3.4. Microstructural Analysis of Silica-CNT Systems

FE-SEM images of MWNTs, silica particles, and CNT-silica mixtures are shown in Fig. 5. Silica particles were observed as spherical aggregates (~500 nm), while CNTs appeared as fibrous bundles. At low CNT content (0.2 wt%), CNTs were distributed as thin layers among silica particles.

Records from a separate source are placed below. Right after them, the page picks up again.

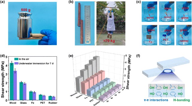图5. C4TE-2动态网络作为高性能热熔胶的应用。(a和b)粘合强度演示:C4TE-2粘合的木质接头分别承载(a)500克重物与(b)约70公斤成人。(c) 展示该粘合剂在水下环境中粘接多种基材的能力。(d) 不同基材上的搭接剪切强度,在空气中测试及经7天水浸后测试。(e) 经五次反复粘接-剥离循环后的粘合强度。(f) 多重粘合机制示意图。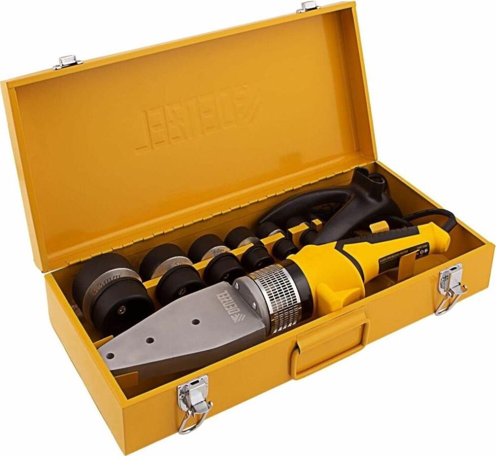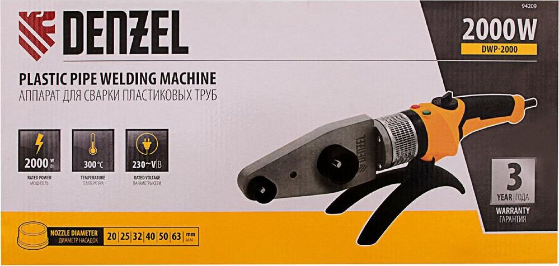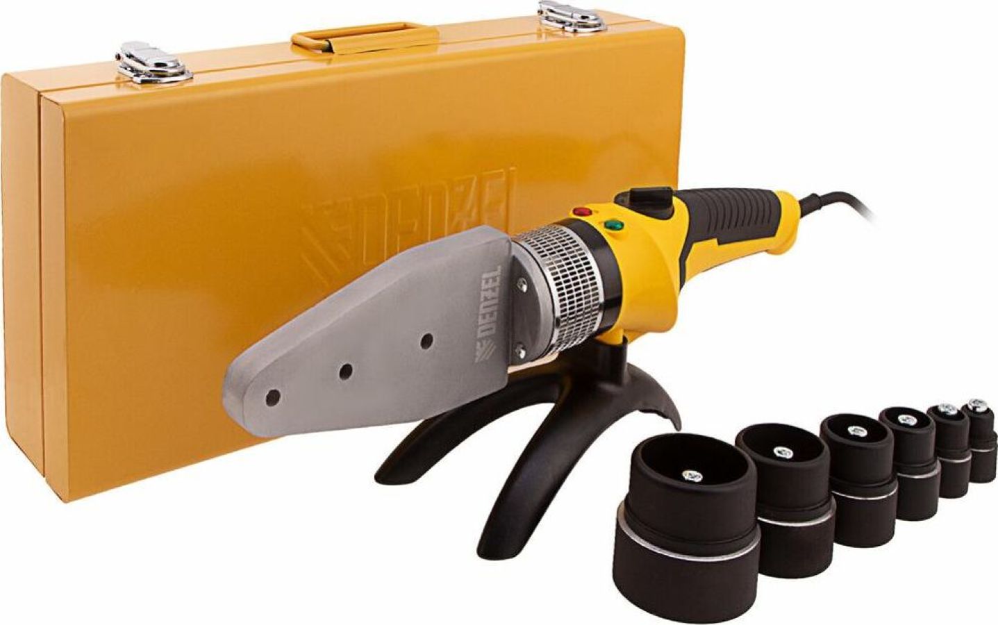 Аппарат для сварки (пайки) пластиковых труб торговой марки DENZEL предназначен для прочного соединения труб из полипропилена и полиэтилена в домашних условиях. Технологический процесс заключается в нагреве/размягчении двух монтажных компонентов и соединении их под давлением. Технические возможности аппарата DENZEL позволяют регулировать температуру нагрева изделий до 260 300 °С. Применение сменных насадок позволяет соединять трубы диаметром от 20 до 63 мм. Насадки имеют тефлоновое покрытие, предупреждающее налипание пластика к их поверхности.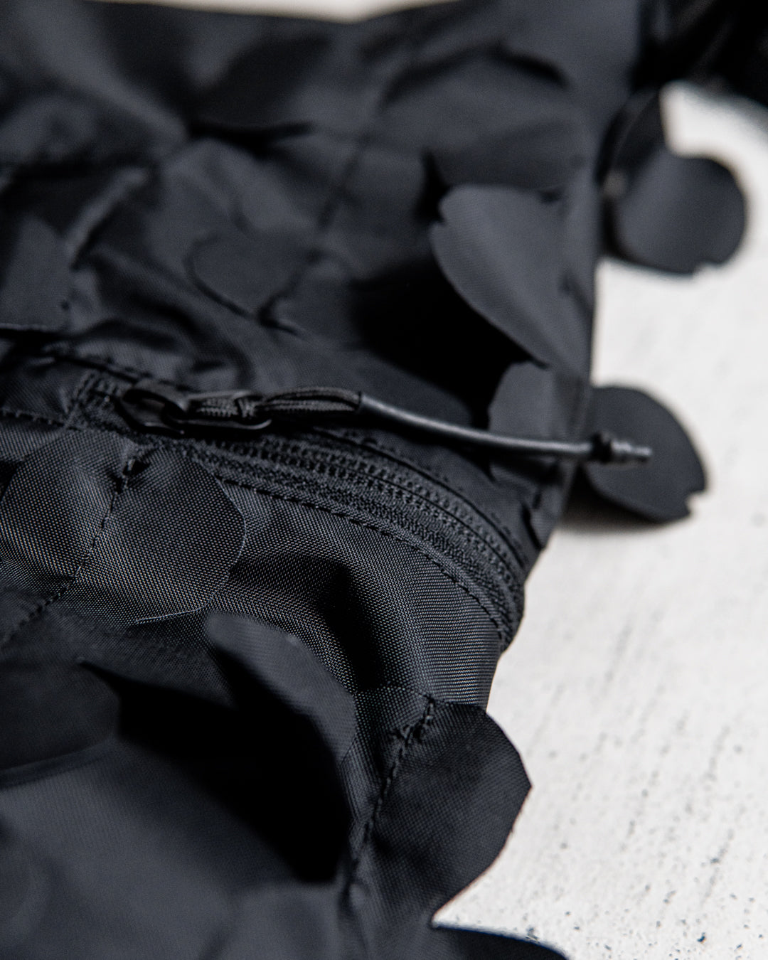 Design: ベルリン発のバックブランド"bagjack"のセカンドラインBAICYCLON by bagjackとのコラボレーション。ギリースーツという特殊な迷彩服に使われているカッティング技法をショルダーバッグに落とし込んだデザイン。四つ葉のクローバーをモチーフとしたオリジナルリーフをレーザーカットで表現しました。背面には長めのジップポケットを配置し収納性を高め、表裏両面で使用できるデザインになっています。

This structure facilitated interlayer slip under shear, delaying cluster formation and weakening shear thickening.

Fig. 5.

FE-SEM images of (a) MWNT, (b) SiO₂, mixtures of SiO₂ 40 vol% with MWNT (c) 0.2, and (d)1.5 wt% respectively.

In contrast, at higher CNT loading (1.5 wt%), silica particles were embedded within a CNT network, with entangled CNTs bridging multiple silica particles. This morphology enabled robust cluster formation under shear, consistent with the pronounced thickening observed in rheological tests.

These microstructural findings confirm that both CNT concentration and dispersion state critically influence STF performance. Poorly dispersed CNTs induce slip and suppress thickening, whereas well-dispersed CNT networks reinforce hydro-clusters and enhance rheological sensitivity.

4. Conclusion

The incorporation of carbon nanotubes (CNTs) has emerged as a promising strategy to enhance thickening efficiency and simultaneously reduce the suspension weight of silica-PEG STFs. The CNTs employed in this study possessed an exceptionally high aspect ratio (up to 2,000:1) and large surface area, with a low tap density (0.22 g/mL) relative to their true density (2.1 g/mL). These characteristics enabled small amounts of CNTs to occupy a significant effective volume.

As a result, CNT addition provided a dual benefit: it intensified shear thickening behavior by reinforcing hydro-cluster networks, and it contributed to the partial replacement of silica volume, thereby reducing the overall weight of the fluid. Acid functionalization was shown to improve CNT dispersion, enabling stable incorporation of up to 1.5 wt% CNTs in suspensions containing 45 vol% silica, which further enhanced shear thickening compared to untreated systems.

However, the findings also highlight critical challenges. At lower CNT loadings, slip phenomena were observed, leading to delayed cluster formation, an effect that became more pronounced at higher silica concentrations. At excessive CNT loadings, agglomeration dominated, suppressing the STF effect. Overall, the findings demonstrate that while CNT incorporation is a valuable tool for designing lightweight, high-performance STFs, effective control of dispersion and slip phenomena is essential. Optimization must be achieved within an appropriate concentration window to fully realize the advantages of CNT-modified STFs.